(Saved entries)
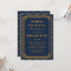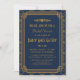 De här inbjudningskort för möhippa har en blå palett och en färg i guld, ett geometriskt ram, ett geometriskt mönster och andra stilistiska detaljer som alla inspireras av Art Deco och de kommande tjugo åren. Du kan anpassa exempeltexten till fälten.
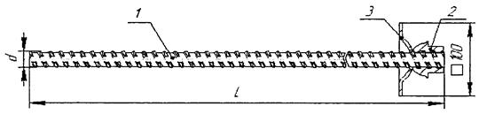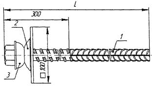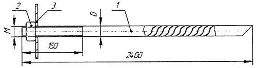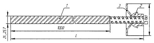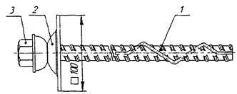 Рис. 3. Сталеполимерный анкер АК-22 (АКМ АМ) из проката периодического профиля. 1 - стержень анкера; 2 - шайба опорная; 3 - гайка. Материал стержня - А400С
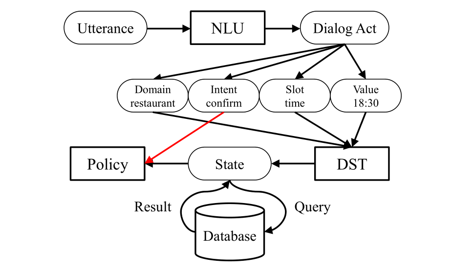 第一类是pipeline(或模块化)系统,通常由四个部分组成:自然语言理解(NLU)、对话状态跟踪(DST)、对话策略(Policy)和自然语言生成(NLG)。
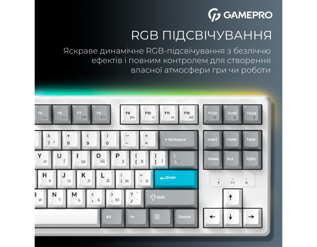 | GamePro Asgard Ragnar — сучасна бездротова механічна клавіатура, створена для поєднання компактності, преміальних матеріалів та комфортного друку в будь-яких умовах. Її продуманий 87% форм-фактор забезпечує оптимальний баланс між функціональністю та економією простору.
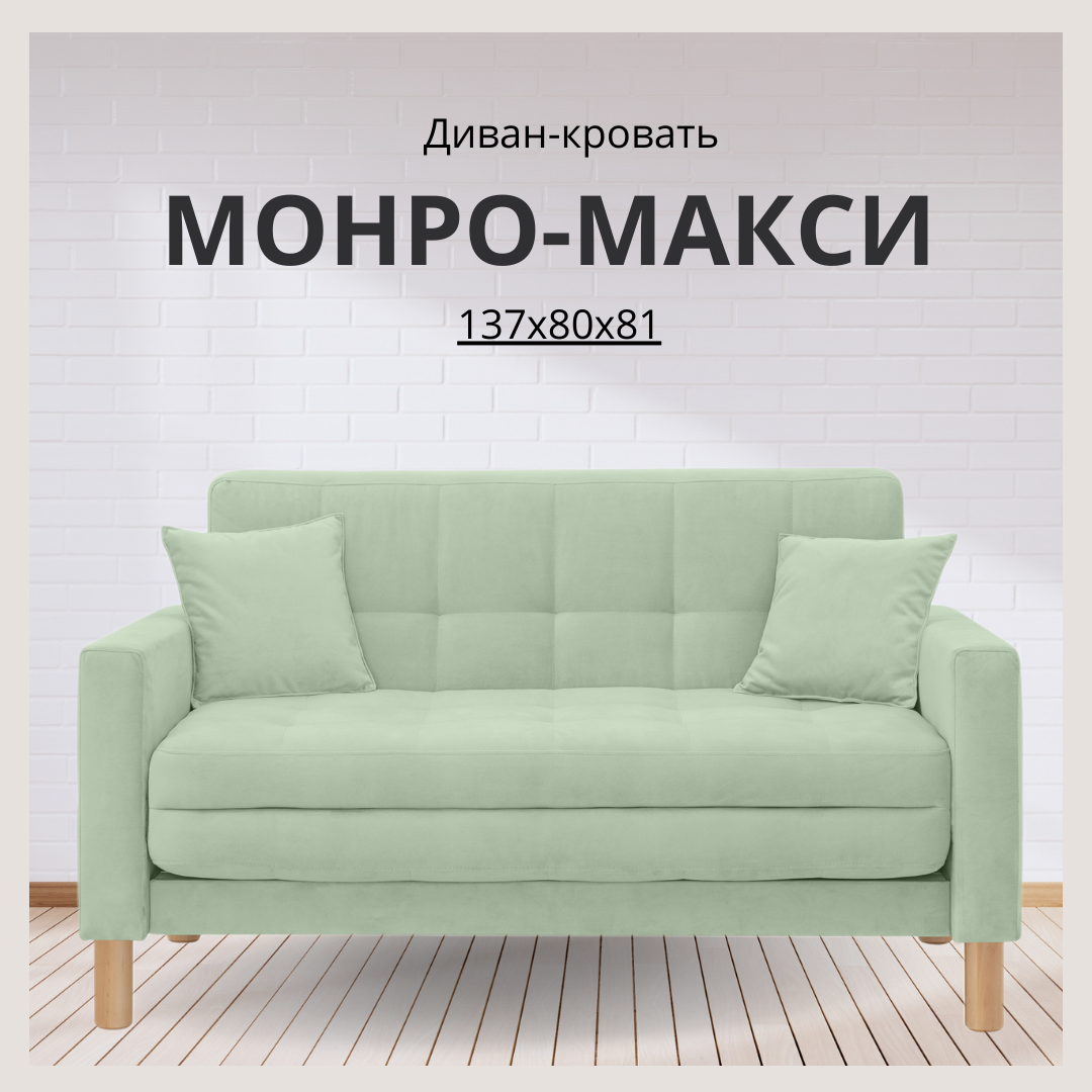 Купить Диван-кровать Монро-макси, прямой, 137*80*81, спальное 120*194, велюр мятный, Велутто 14
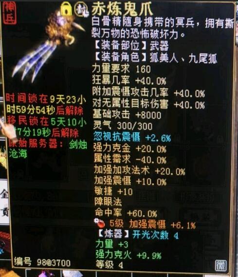 现在的五开党基本都是走克的路线,玩神兵无属性的并不算太多... 今天展示一位神兵五开党的物资供大家欣赏欣赏,和强克一族谁更强力呢? |
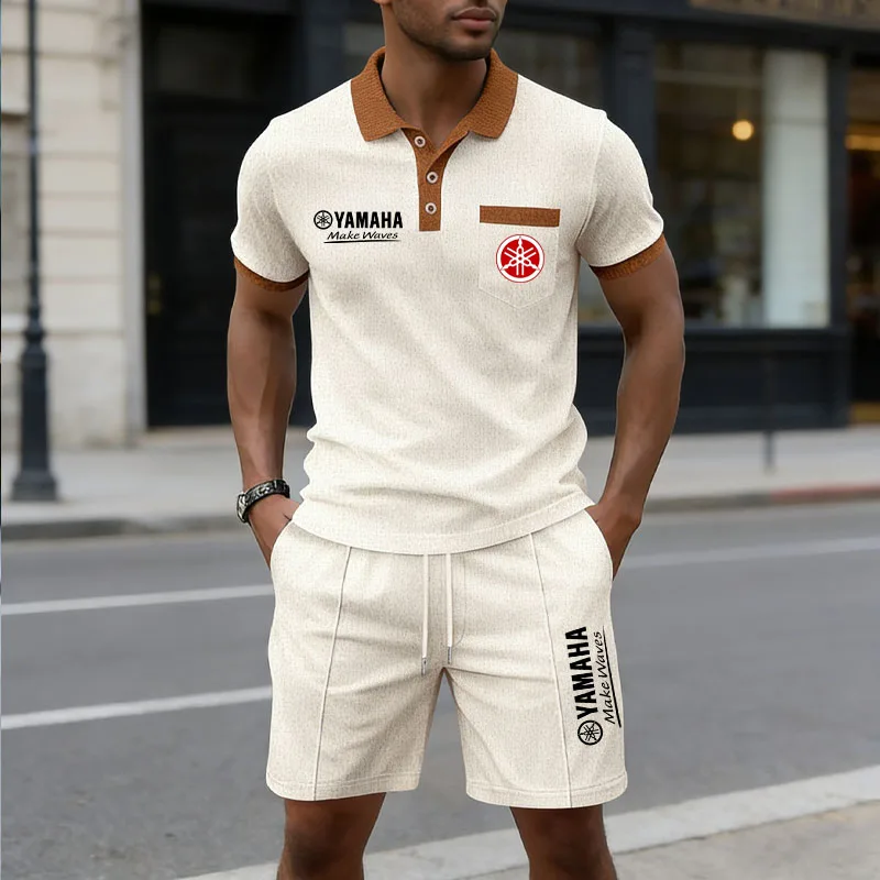 Set Polo e Pantaloncini da Uomo Yamaha Multicolore in Maglia Waffle, Traspirante e Assorbente, per Uso Quotidiano e Streetwear
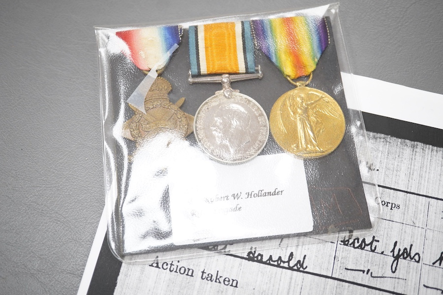 Two First World War medal trios;, 7696 Ernest Harold Domoney, Scots Guards with research from the Nation Archives, together with S1378 Pte. Robert W. Hollander, Rifle Brigade

[BRIEF]
Set down, word for word, only the lines running from the line with "第一类是pipeline(或" through the final line of the entries above, omitting all pictures.

[EXERCISE RESPONSE]
 第一类是pipeline(或模块化)系统,通常由四个部分组成:自然语言理解(NLU)、对话状态跟踪(DST)、对话策略(Policy)和自然语言生成(NLG)。
 | GamePro Asgard Ragnar — сучасна бездротова механічна клавіатура, створена для поєднання компактності, преміальних матеріалів та комфортного друку в будь-яких умовах. Її продуманий 87% форм-фактор забезпечує оптимальний баланс між функціональністю та економією простору.
 Купить Диван-кровать Монро-макси, прямой, 137*80*81, спальное 120*194, велюр мятный, Велутто 14
 现在的五开党基本都是走克的路线,玩神兵无属性的并不算太多... 今天展示一位神兵五开党的物资供大家欣赏欣赏,和强克一族谁更强力呢? |
 Set Polo e Pantaloncini da Uomo Yamaha Multicolore in Maglia Waffle, Traspirante e Assorbente, per Uso Quotidiano e Streetwear
 Two First World War medal trios;, 7696 Ernest Harold Domoney, Scots Guards with research from the Nation Archives, together with S1378 Pte. Robert W. Hollander, Rifle Brigade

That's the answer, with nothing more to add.